# Ghost

[*Ghost*](https://en.wikipedia.org/wiki/Ghost_(game&#41;) is a word game in which (quoting Wikipedia):

> *Ghost is a written or spoken word game in which players take turns adding letters to a growing word fragment, trying not to be the one to complete a valid word. Each fragment must be the beginning of an actual word, and usually some minimum is set on the length of a word that counts, such as three or four letters. The player who completes a word loses.*

I'd like to create a program to allow any two players (human or computer) to play the game, and I'd like to figure out who wins if both players play optimally.

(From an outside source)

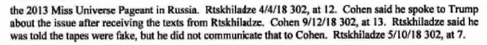 The big reveal in the next text is that Rtskhiladze was "not sure of the content," but that "person in Moscow was bragging had tapes from Russia trip." Which ... would seem to square exactly with Mueller's footnote, IF YOU READ THE WHOLE THING, especially the last sentence where Mueller reports on his own interview with Rtskhiladze, who said he "was told the tapes were fake," but didn't tell Michael Cohen that for some reason . Anyone with an ounce of reading comprehension skills would naturally infer that meant Rstkhiladze hadn't actually seen the alleged tapes.
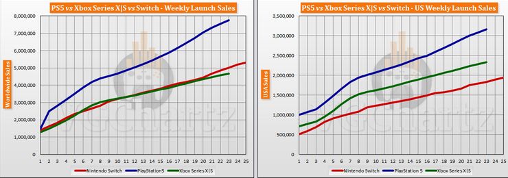 Según el último informe de VGChartz, el período de lanzamiento extendido ha sido significativamente más favorable para la consola PlayStation 5 de Sony en comparación con los competidores. Desde el estreno en noviembre de 2020, PS5 ha acumulado 7.763.924 unidades vendidas, lo que es mucho mejor que los logros de Xbox Series X / S y Nintendo Switch durante las mismas 23 semanas. Switch ha alcanzado las 5,008,963 unidades vendidas, mientras que el dúo de dispositivos Xbox modernos ocupó el tercer lugar con 4,668,388 unidades. Vale la pena mencionar que el Switch es técnicamente un dispositivo de última generación, pero está incluido en la generación actual simplemente porque Nintendo aún no ha presentado un sucesor. En ese sentido, considerando las ventas totales de por vida, el Switch obviamente está superando a la PS5 y la Xbox Series X / S combinadas, como se lanzó hace cuatro años.

The concepts I will need to define, and my implementation choices, are as follows:

- **Words**: I will read a standard online word list, `enable1`, and make a set of all the words of sufficient length.
- **Fragment**: a fragment is a `str` of letters, such as `'gho'`.
- **Beginning**: each word has a set of valid beginnings: for `ghost` it is `{'', g, gh, gho, ghos, ghost}`.  "Prefix" is a synonym of "beginning".
- **Vocabulary**: `Vocabulary(words)` is an object with: a set of all the `words`, and a set of all the valid `fragments` (beginnings) of the words.
- **Player**: The first player will be called player `0`; the second player `1`. 
- **Play**: A play is a new fragment formed by adding one letter to the end of the existing fragment.
- **Legal Play**: A play that is a valid prefix of some word. `enable1.legal_plays('gho') = {'ghos, 'ghou'}`.
- **Strategy**: A strategy is a function with signature `strategy(vocab, fragment) -> play`.
- **Game**: `play_game(vocab, *strategies)` plays a game between two (or more) player strategies.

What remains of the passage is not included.